▶ [Provided records]:
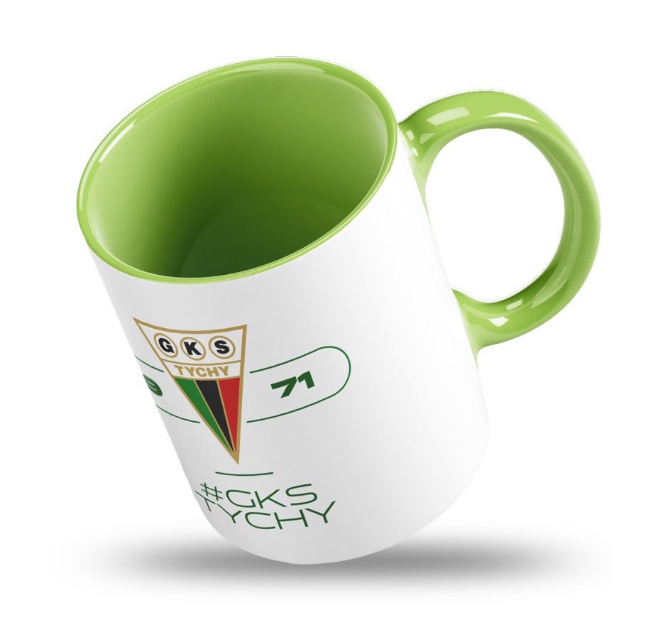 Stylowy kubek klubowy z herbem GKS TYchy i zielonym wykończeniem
* * *
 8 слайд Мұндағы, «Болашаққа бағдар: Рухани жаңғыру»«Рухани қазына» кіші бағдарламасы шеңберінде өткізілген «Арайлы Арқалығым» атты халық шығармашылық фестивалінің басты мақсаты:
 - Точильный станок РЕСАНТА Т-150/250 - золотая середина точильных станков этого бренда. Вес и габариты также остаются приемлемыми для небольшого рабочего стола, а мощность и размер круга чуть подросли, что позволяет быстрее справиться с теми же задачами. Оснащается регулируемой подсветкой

▶ [What this task involves]:
From the material above, copy exactly the lines between the line holding "кіші бағдарламасы шеңберінде" and the line holding "- Точильный станок", inclusive, and only those.

▶ [Answer space]:
 8 слайд Мұндағы, «Болашаққа бағдар: Рухани жаңғыру»«Рухани қазына» кіші бағдарламасы шеңберінде өткізілген «Арайлы Арқалығым» атты халық шығармашылық фестивалінің басты мақсаты:
 - Точильный станок РЕСАНТА Т-150/250 - золотая середина точильных станков этого бренда. Вес и габариты также остаются приемлемыми для небольшого рабочего стола, а мощность и размер круга чуть подросли, что позволяет быстрее справиться с теми же задачами. Оснащается регулируемой подсветкой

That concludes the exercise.